Goats are but one tool, Gaines said. Others include chemicals and heavy machinery.

In this case, the city elected to use goats in part because the targeted area of the park is so densely overgrown and located on a slope.

“Goats are maneuverable, and they will be very thorough,” Gaines said. “This is kind of a good way to acquaint the public with the option.”

The goats will make the area much more accessible for the city to later come in and spray the unwanted plants with herbicides. Without the goats, Gaines and his colleagues would have to use more chemicals.

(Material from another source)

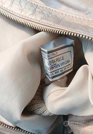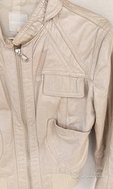 Giacca bomber in vera pelle, donna Imperial, tg M, beige e oro, made in Italy, vintage. Misure: distanza spalle 38 cm, distanza ascelle 45 cm, lunghezza 55 cm
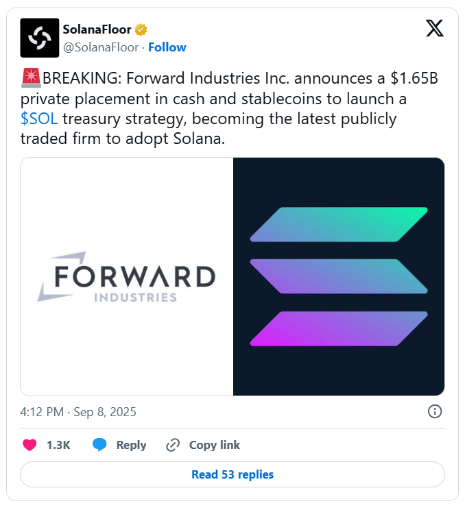 Forward Industries secured $1.65 billion in cash and stablecoin commitments to build a Solana-focused institutional treasury. The PIPE funding round was led by Galaxy Digital, Jump Crypto, and Multicoin Capital, with Cantor Fitzgerald advising. Company shares surged 128% in pre-market trading, while Solana’s price rose modestly after the announcement.

The plan is to have the goats feast for a week, then let the plants resprout in the fall. As those plants try to grow, they’ll be seeking nutrients to prepare for their dormant season in the winter. That’s when the city will employ targeted herbicides. The plants will mistake the herbicides for nutrients, absorbing the chemicals into their roots, leading to the plants’ demise.

“This is timed by design,” Gaines said. “We have a plan and are following the plan. We’re not just doing it willy-nilly.”

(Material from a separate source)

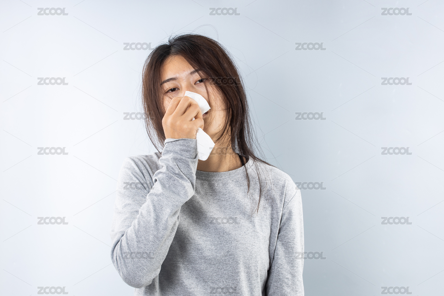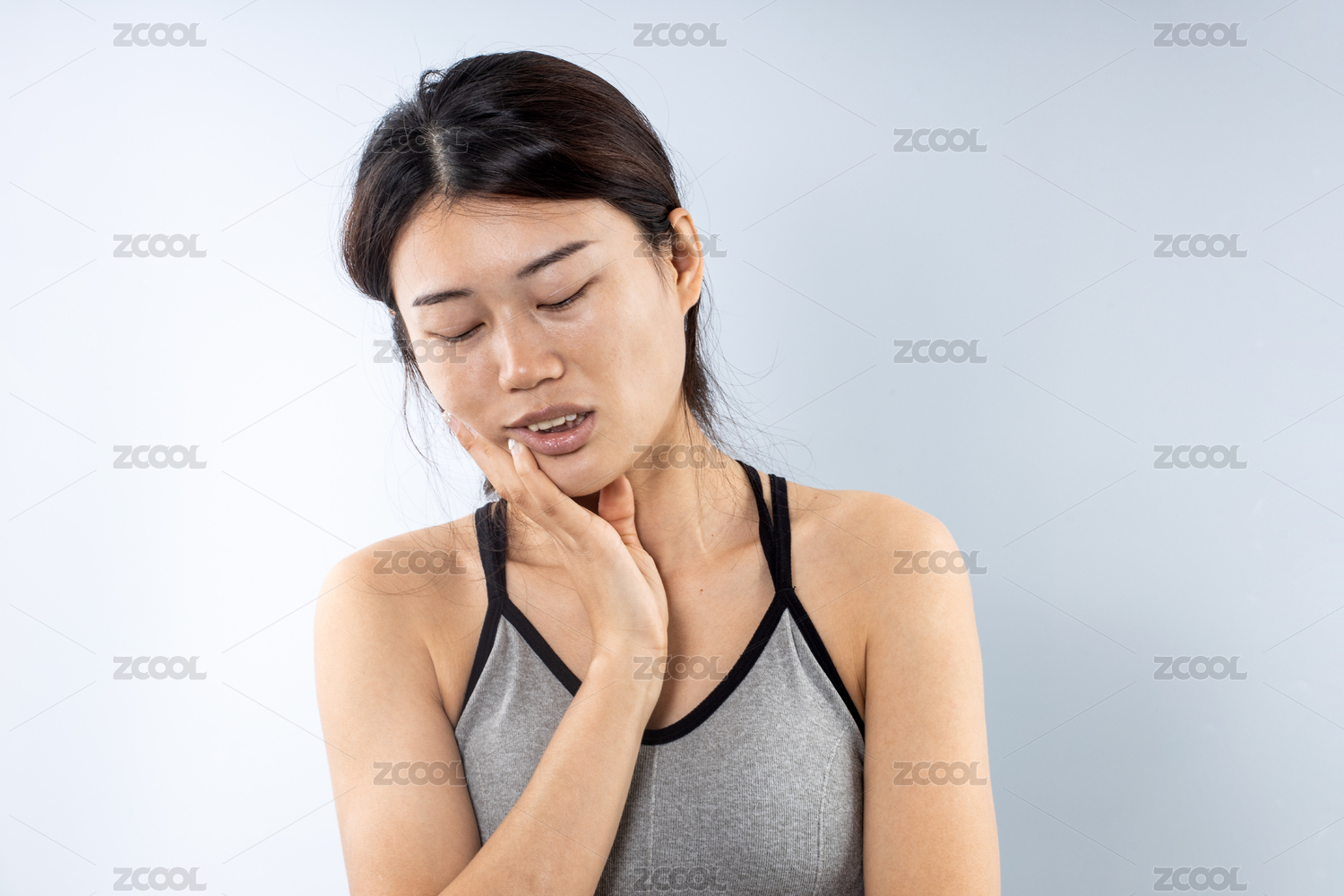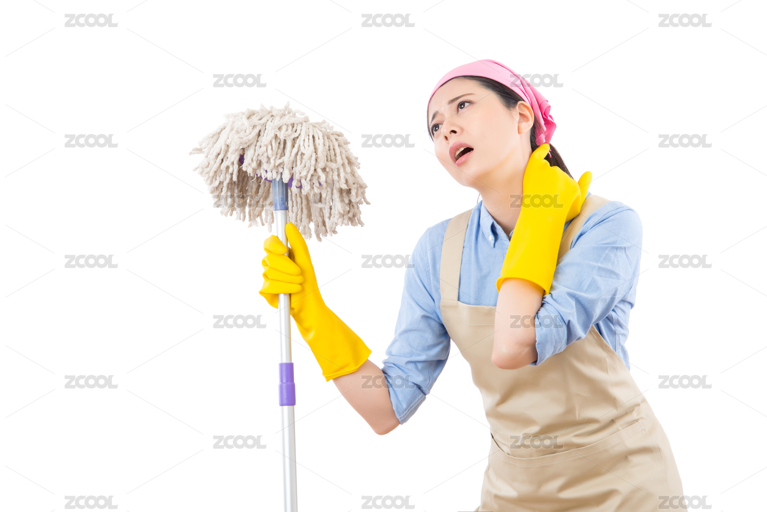 年輕人有吸引力的家庭主婦做大掃除覺得累了,疲倦之后,從頸部疼痛困擾。隔絕在白色背景。家務(wù)勞動和家庭保健理念。
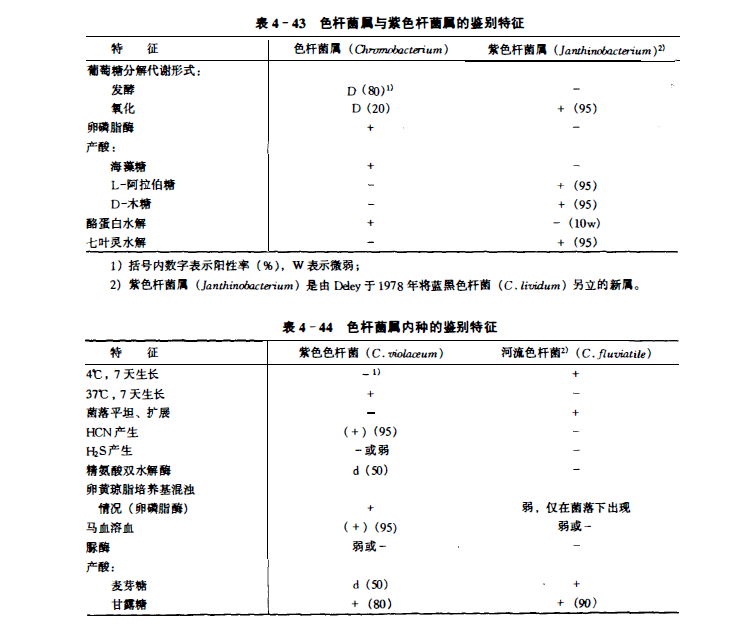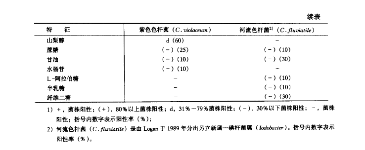 杆状,0.6-0.9μm X 1.5-3.5μm,两端钝圆,有时略呈细长弯曲。单个,偶尔成对,或伸展短链状。无荚膜。无静止期。革兰氏阴性,常含有条纹或两端着色的脂类内含物。通常以单极毛和1~4根亚极毛或侧毛运动。兼性厌氧。在固体培养基上产生奶酪状的紫色菌落;在肉汤中,其液体表面与容器壁的接合处形成紫色环;25°在普通培养基上生长,但最适、最高和最低温度因种而不同;最适pH7.8, pH4.5以下不生长。在6%NaCl以上的培养基中也不生长。化能有机营养,以发酵代谢为主。从葡萄糖、果糖、海藻糖和甘露糖产酸,不产气。不能从卫矛醇、肌醇、菊糖、乳糖、甘露醇和木糖产酸。通常氧化酶阳性(Kovacs's 试验)。接触酶阳性。吲哚隐性。V-P反应阴性。还原硝酸盐。能液化明胶。赖氨酸和鸟氨酸脱羧苯丙氨酸脱氨酸和七叶灵水解酶均阴性。紫色色杆菌从阿东醇、松三糖、蜜二糖和棉子糖不产酸。ONPG试验、DNA 酶产生、果胶酸盐分解试验均阴性。在KCN中生长。抗氨苄霉素 (lOOμg/mg) 和弧菌抑制剂0/129存在于土壤和水中。紫色色杆菌可偶尔引起哺乳动物包括人类的严重化脓感染或败血症。

Goat Busters has a plan too.

“I tell people it’s not rocket science, but there is a science to it,” Goodling said of the goat business.

His 40-goat estimate is not a guess but rather a calculation. If he puts all of his goats on the job, they’ll start to eat too much and begin ripping bark from trees. If he doesn’t send enough goats, they won’t feel as though they must compete for food; they’ll take their sweet time and never finish the work.

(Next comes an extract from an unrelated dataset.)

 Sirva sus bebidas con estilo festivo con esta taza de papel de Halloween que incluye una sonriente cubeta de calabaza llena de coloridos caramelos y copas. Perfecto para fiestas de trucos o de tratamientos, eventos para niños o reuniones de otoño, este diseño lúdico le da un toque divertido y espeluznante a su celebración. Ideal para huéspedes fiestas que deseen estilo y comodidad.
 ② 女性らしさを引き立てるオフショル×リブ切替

“My job is knowing how many to put in to make all the green disappear without starting to kill trees,” Goodling said.

As Goodling sees it, it’s practical, sustainable, affordable and also a little fun.

“We enjoy it looking at it from an agri-tainment perspective. A bunch of city kids down there playing all summer, when’s the last time they saw a goat?” Goodling asked. “And in this day and age, America’s youth has gotten so far removed from agriculture in any way, shape or form.”

The park cleanup will begin Monday morning, commemorated by the “Running of the Goats,” which Goodling called his favorite part of the job. With the goats loaded into a trailer, the company will release them down a chute into the targeted area of the park.

The event has parallels to Pamplona’s Running of the Bulls, but “a lot safer and you don’t have to wear any funny clothes,” according to Goodling.

Goat Busters will visit the area in advance to set up an electric fence so the animals do not wander from the site.

“We’re putting up crowd fencing to keep the more curious, less intelligent members of the crowd away from the electric fence,” Goodling added.

While the electric fence is not life-threatening, he strongly advises no one touch it.

“I’ve been hit thousands of times and sometimes it’ll lay your ass right on the ground,” Goodling said. “It doesn’t kill you, but it does teaches you not to touch the fence real fast.”

Goodling’s primary job is in custom home construction. But he finds his goat side hustle to be a lot more fun.

So is his business’ name.

“I came up with it myself. I honestly can’t say it was a sober moment, but it stuck. You got kudzu, you got poison ivy, who you gonna call? … Goat Busters, man.”